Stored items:
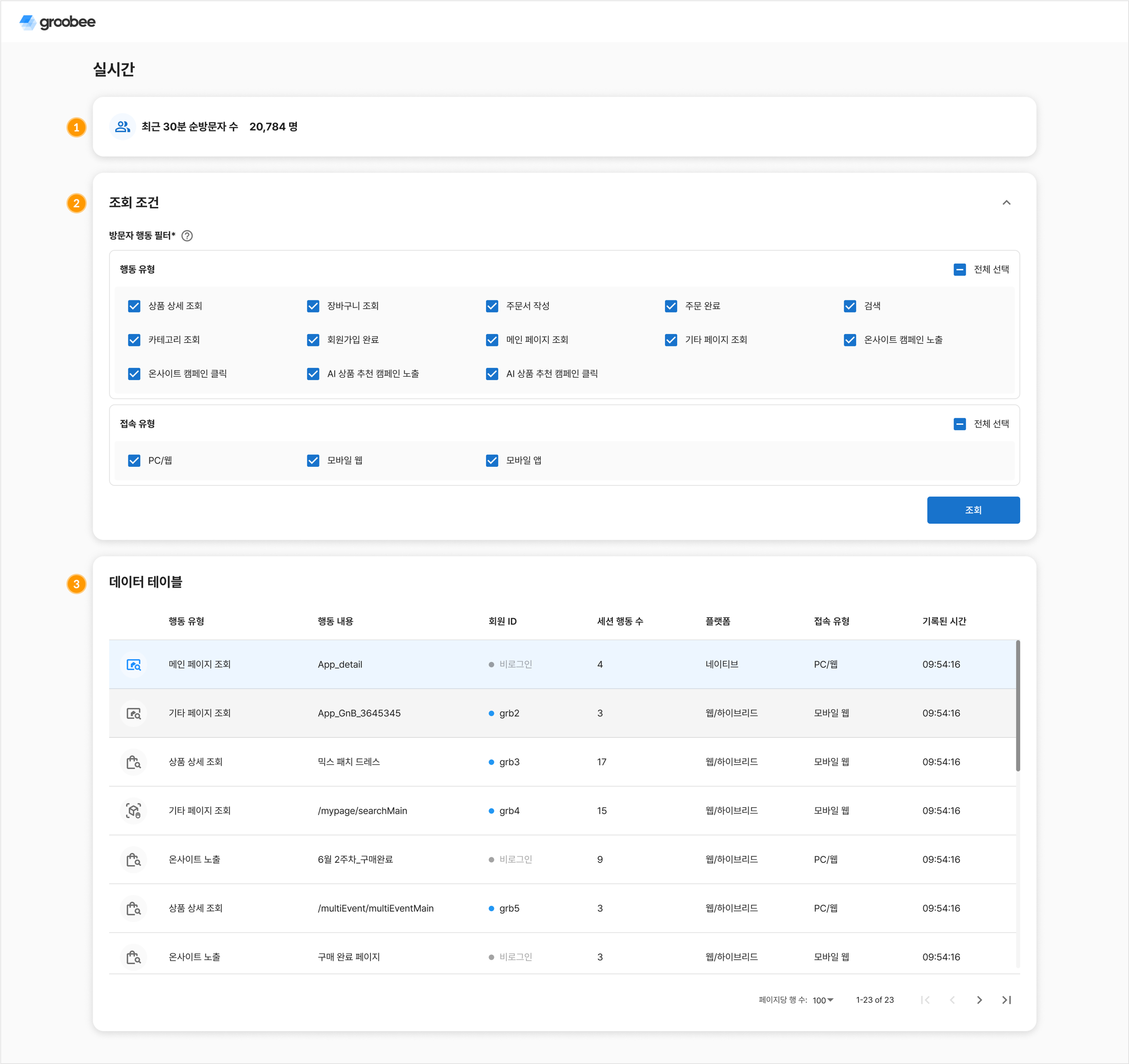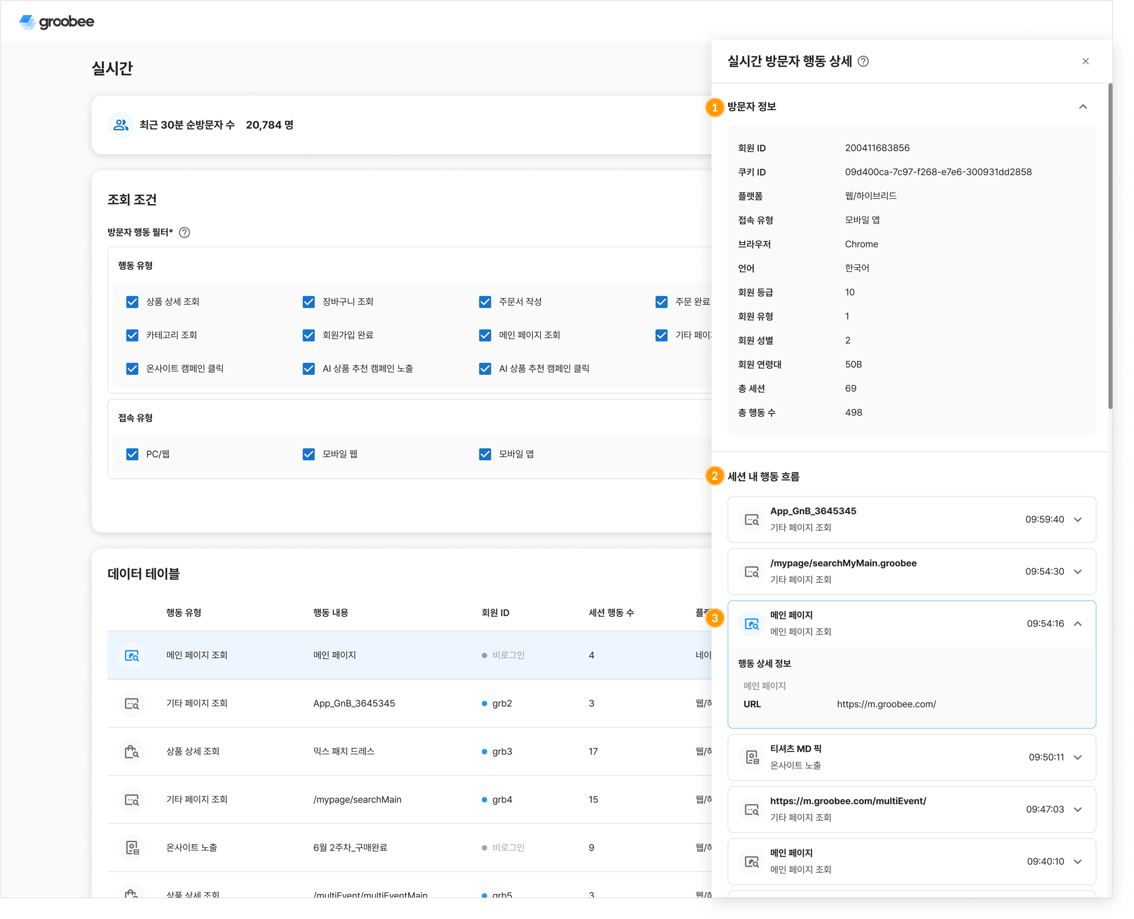 실시간 방문자 행동 상세
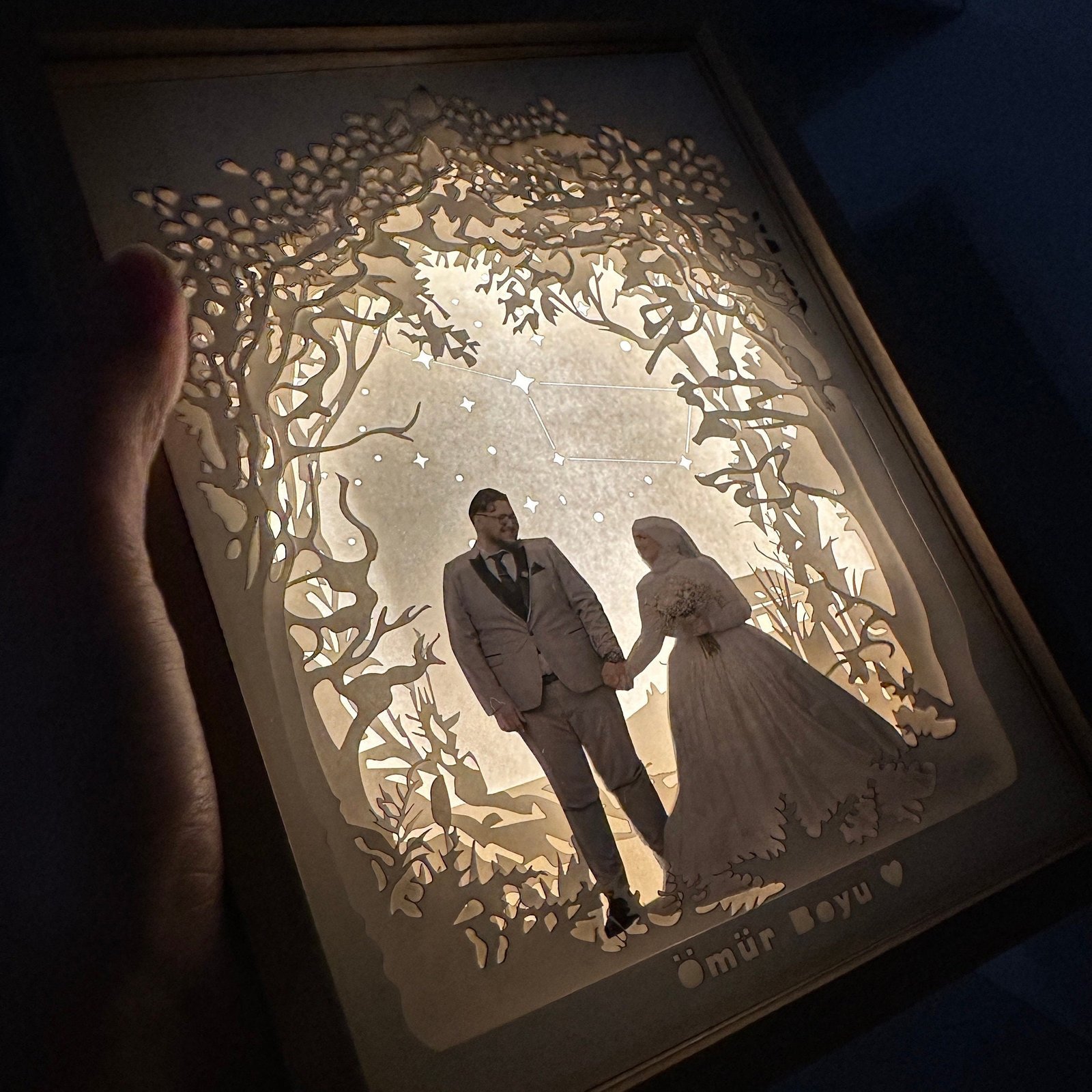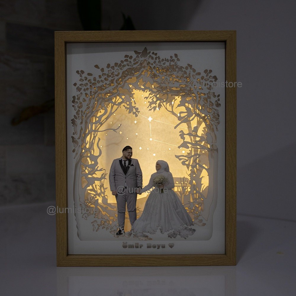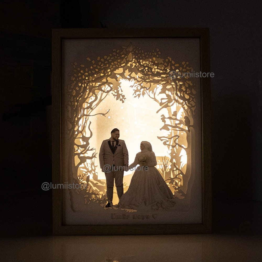 Photos capture memories, but this lightbox takes them a step further by turning them into luminous works of art. With its layered 3D effect and glowing illumination, the Custom Couple Photo Lightbox creates an atmosphere of warmth and romance in any space.
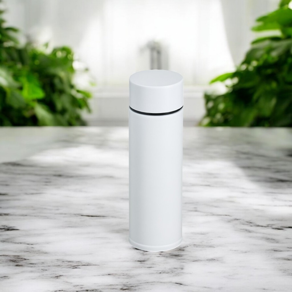 A **garrafa térmica de 320ml** feita em **aço inoxidável 304** oferece durabilidade e eficiência térmica, mantendo suas bebidas quentes ou frias por mais tempo, graças à sua parede dupla. O material de alta qualidade é resistente à corrosão e ideal para o uso diário. Com uma **tampa rosqueável** de vedação segura, a garrafa evita vazamentos, proporcionando tranquilidade ao transportá-la. Seu design compacto é perfeito para levar em bolsas ou mochilas, sendo uma ótima escolha para quem está sempre em movimento. Seja para café, chá ou água gelada, esta garrafa é uma opção prática e funcional para o seu dia a dia! MEDIDAS APROXIMADAS: Altura : 18,7 cm Largura : 5,8 cm Circunferência : 18,5 cm Peso aproximado (g): 205
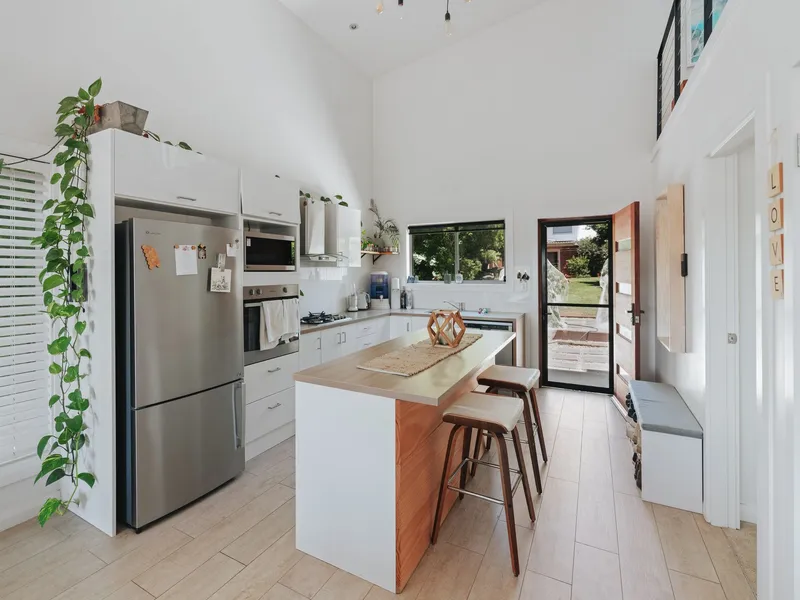 - Modern kitchen with island bench/breakfast bar, gas cooktop and ample storage
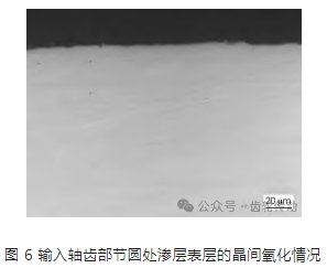 圖 6 為輸入軸齒部節圓處滲層表層的晶間氧化 (IGO) 情況。晶間氧化又稱內氧化,研究認為是由 Cr、Mn、Si 等易氧化元素與氣氛中微量的氧結合形成氧化物,使晶界附近基體合金元素貧化,常出現在可控氣氛滲碳過程中。產生內氧化及合金元素的貧化后,會使其附近奧氏體的穩定性降低,淬透性不足,在隨后的淬火過程中極易發生分解,形成屈氏體和貝氏體等混合組織,一般 ME 級精密齒輪對其都有嚴格的限制。如圖 6 所示,真空低壓滲碳和高壓氣淬的輸入軸在齒部滲層表面未出現晶間氧化情況。
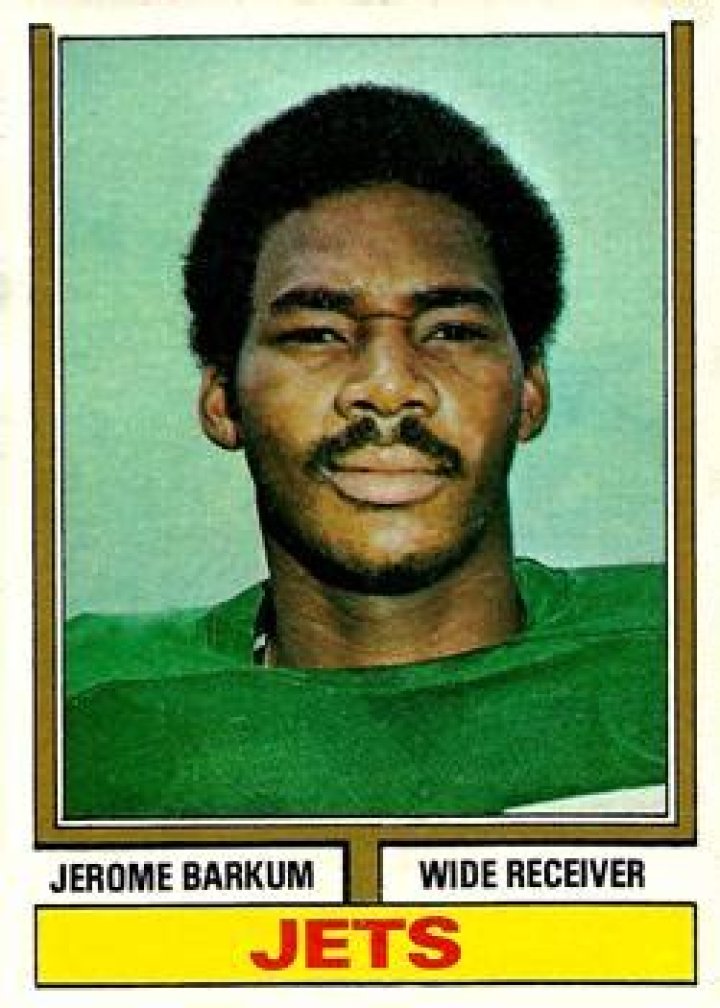 Jerome Barkum (born July 18, 1950) is a former wide receiver and tight end in the National Football League. He played 12 years with New York Jets. He was drafted by the Jets out of Jackson State University with the 9th overall pick in the first round of the 1972 NFL Draft. In 1973, he was selected to the Pro Bowl as a WR. His biggest catch in the NFL was made in Shea Stadium in a 1981 clash against the Miami Dolphins in the last seconds of the game to lift the Jets to victory 16-15. The Jets made the playoffs that year for the first time since their loss to the Kansas City Chiefs in 1969. | Net Worth | $850,000 |

Work instruction
Repeat, exactly and in full, each line from the start of the data to the line that contains "Photos capture memories, but". Pictures do not go in.

Your response
 실시간 방문자 행동 상세
 Photos capture memories, but this lightbox takes them a step further by turning them into luminous works of art. With its layered 3D effect and glowing illumination, the Custom Couple Photo Lightbox creates an atmosphere of warmth and romance in any space.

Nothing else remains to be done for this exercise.